INSTRUCTIONS FOR THE TASK:
Copy out exactly the stretch below, from the line with "Arbeitsblatt: Lernzielkontrolle Thema Wald" through the line with "The look is", both included; the pictures stay out.

GIVEN INFORMATION:

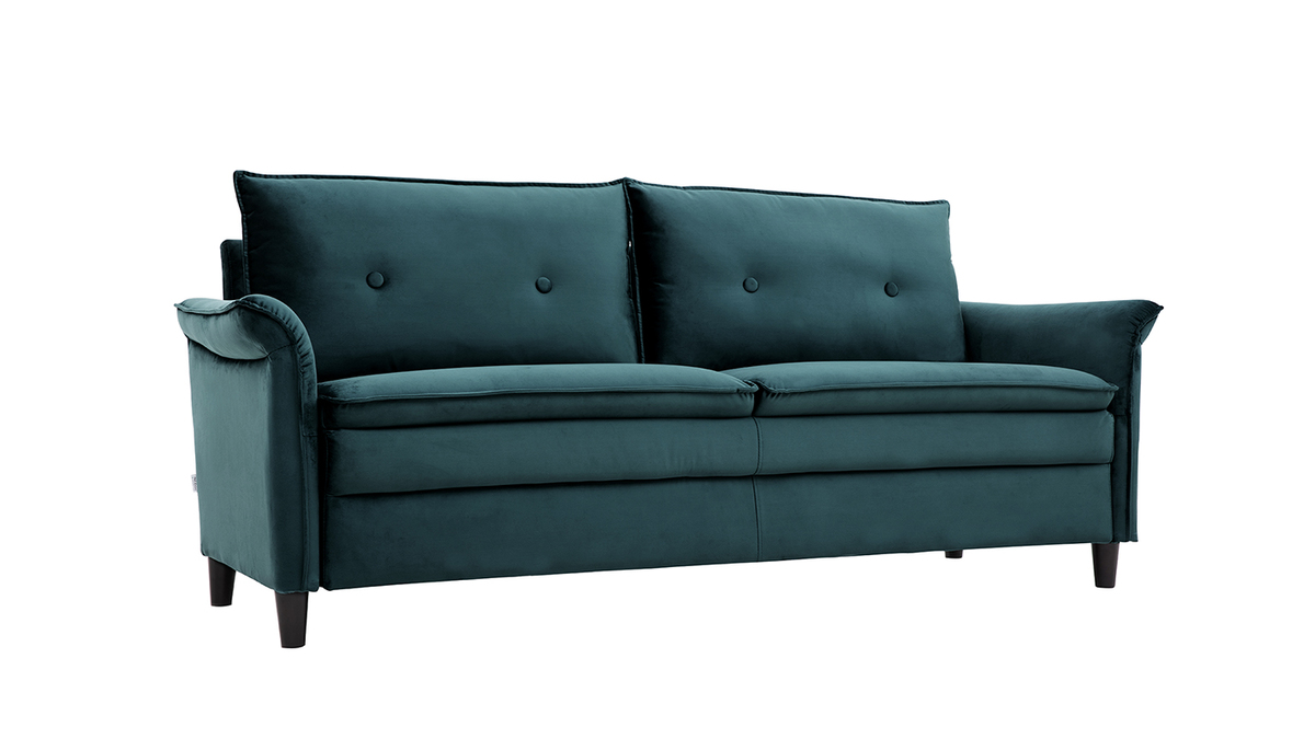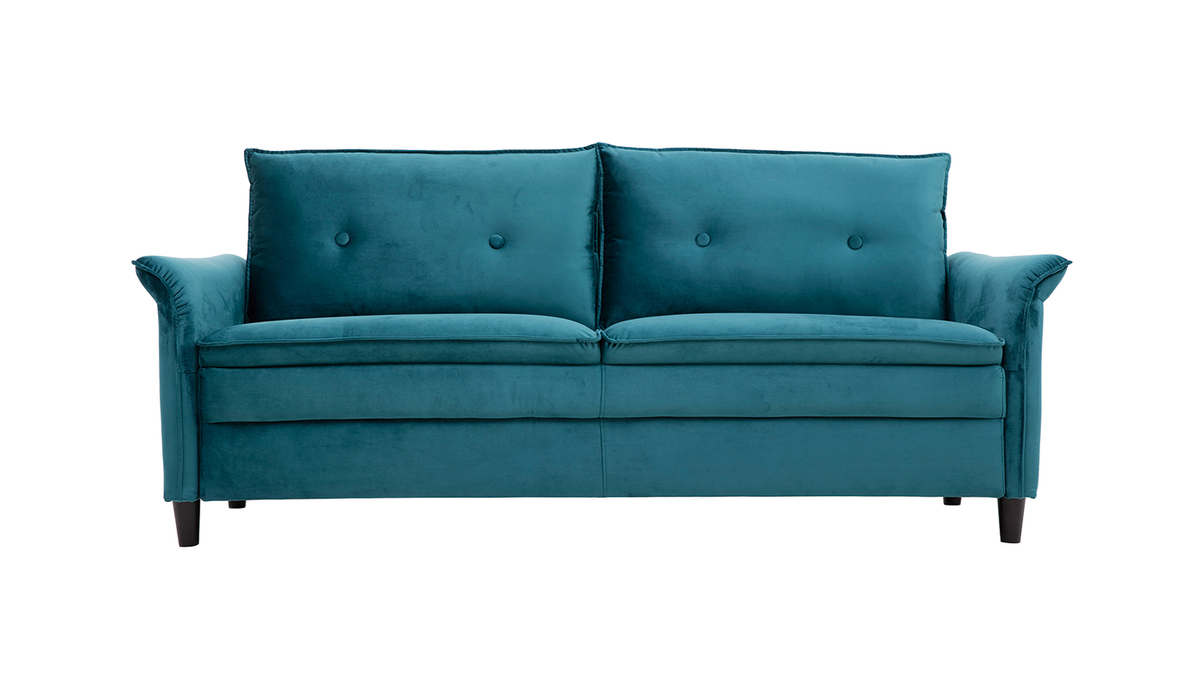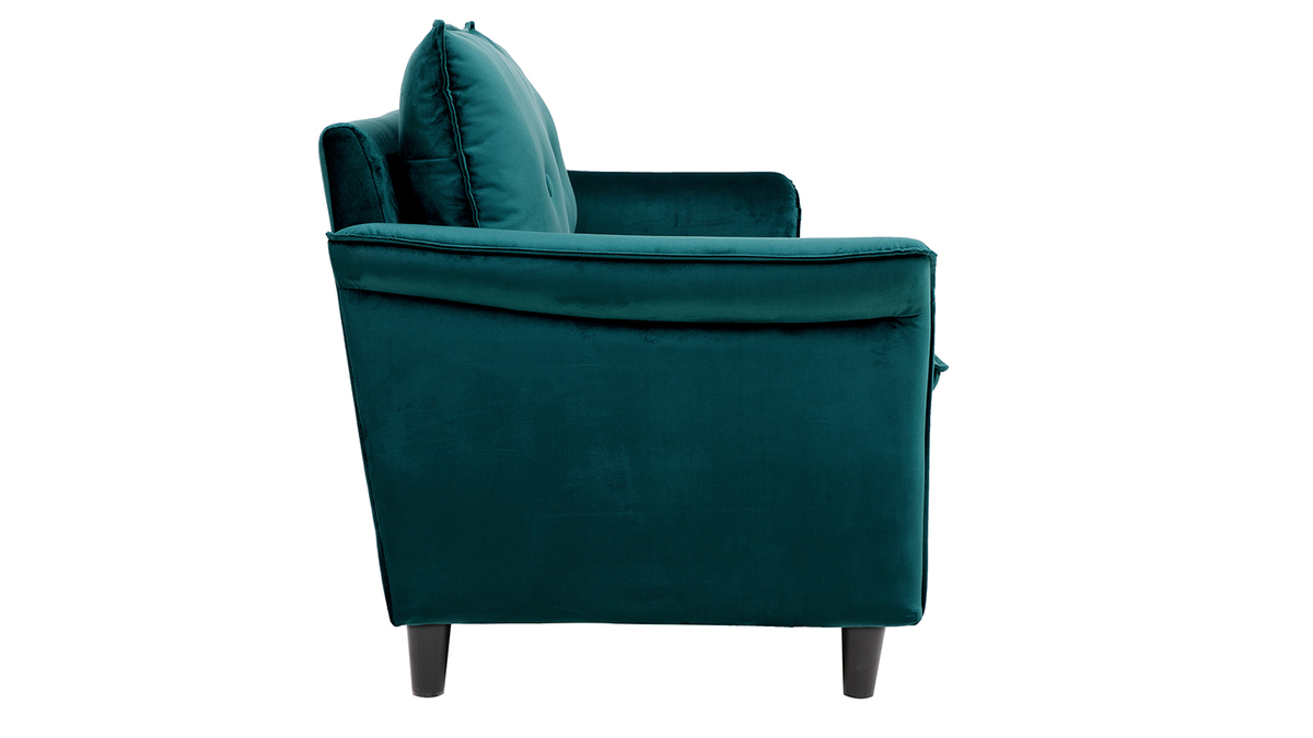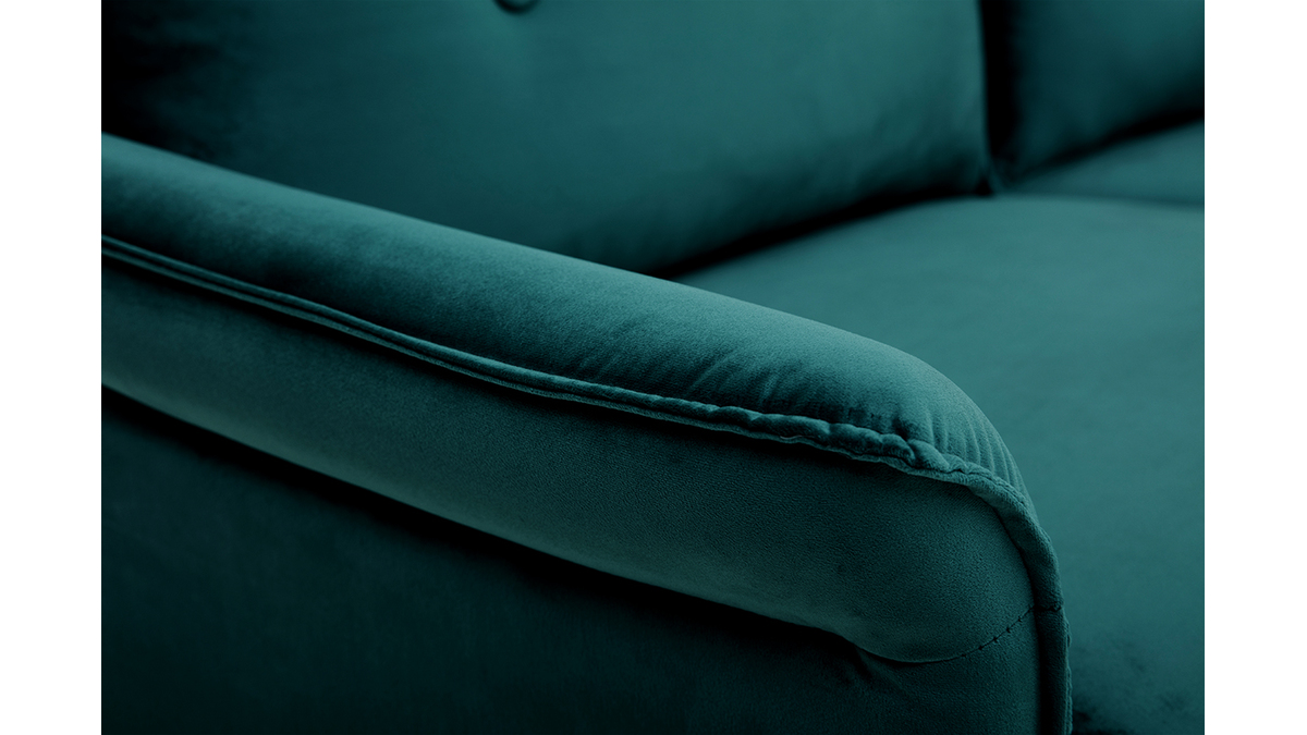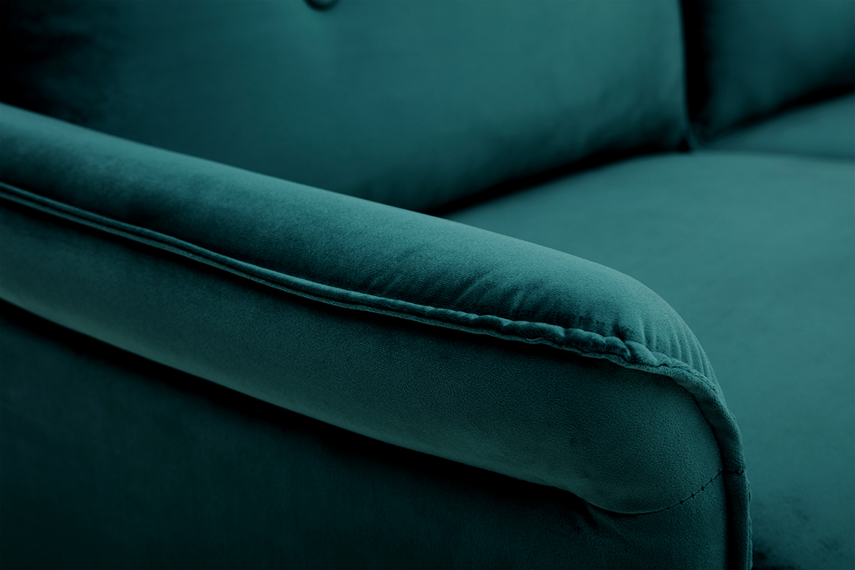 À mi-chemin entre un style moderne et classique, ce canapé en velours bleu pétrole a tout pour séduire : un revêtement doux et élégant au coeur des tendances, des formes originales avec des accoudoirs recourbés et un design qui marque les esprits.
* * *
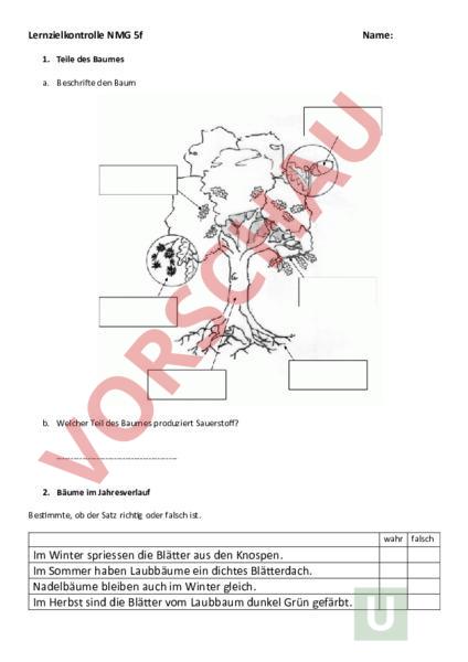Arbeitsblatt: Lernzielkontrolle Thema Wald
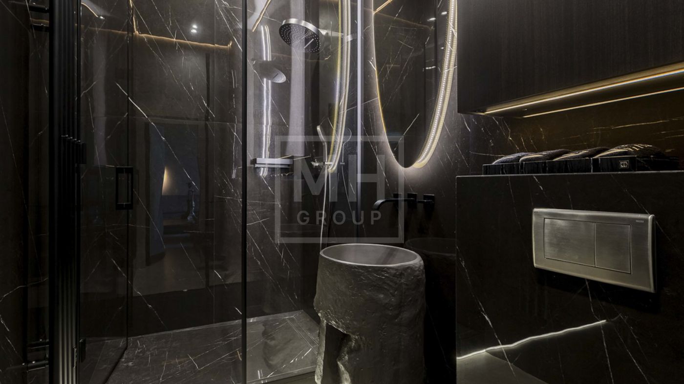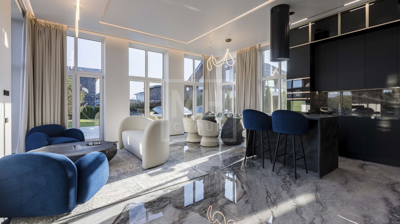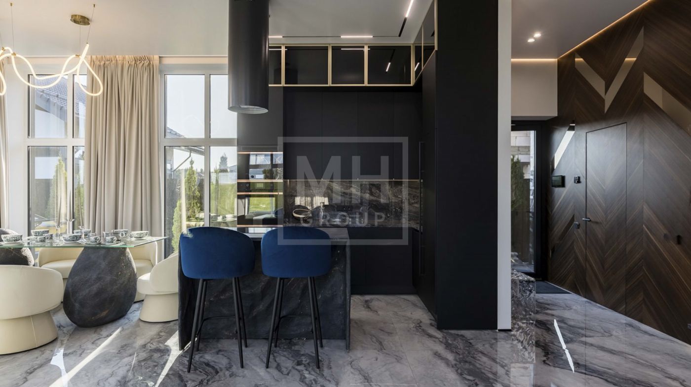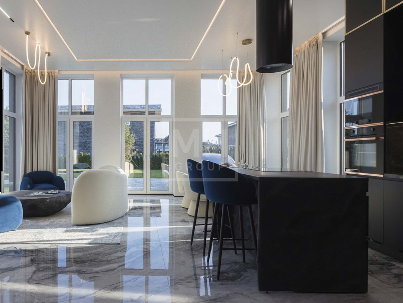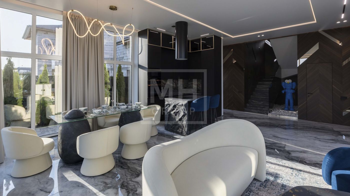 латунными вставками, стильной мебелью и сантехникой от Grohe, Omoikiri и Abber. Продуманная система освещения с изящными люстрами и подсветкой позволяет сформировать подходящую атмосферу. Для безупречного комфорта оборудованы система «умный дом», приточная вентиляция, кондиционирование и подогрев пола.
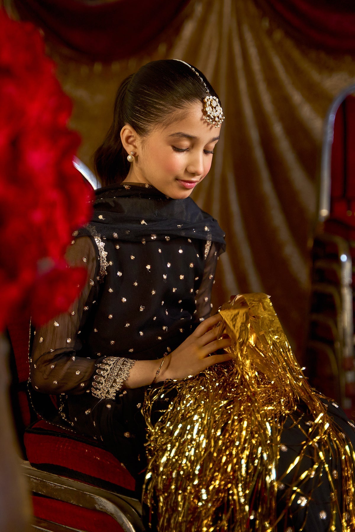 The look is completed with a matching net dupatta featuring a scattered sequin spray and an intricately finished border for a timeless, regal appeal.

WRITTEN SOLUTION:
Arbeitsblatt: Lernzielkontrolle Thema Wald
 латунными вставками, стильной мебелью и сантехникой от Grohe, Omoikiri и Abber. Продуманная система освещения с изящными люстрами и подсветкой позволяет сформировать подходящую атмосферу. Для безупречного комфорта оборудованы система «умный дом», приточная вентиляция, кондиционирование и подогрев пола.
 The look is completed with a matching net dupatta featuring a scattered sequin spray and an intricately finished border for a timeless, regal appeal.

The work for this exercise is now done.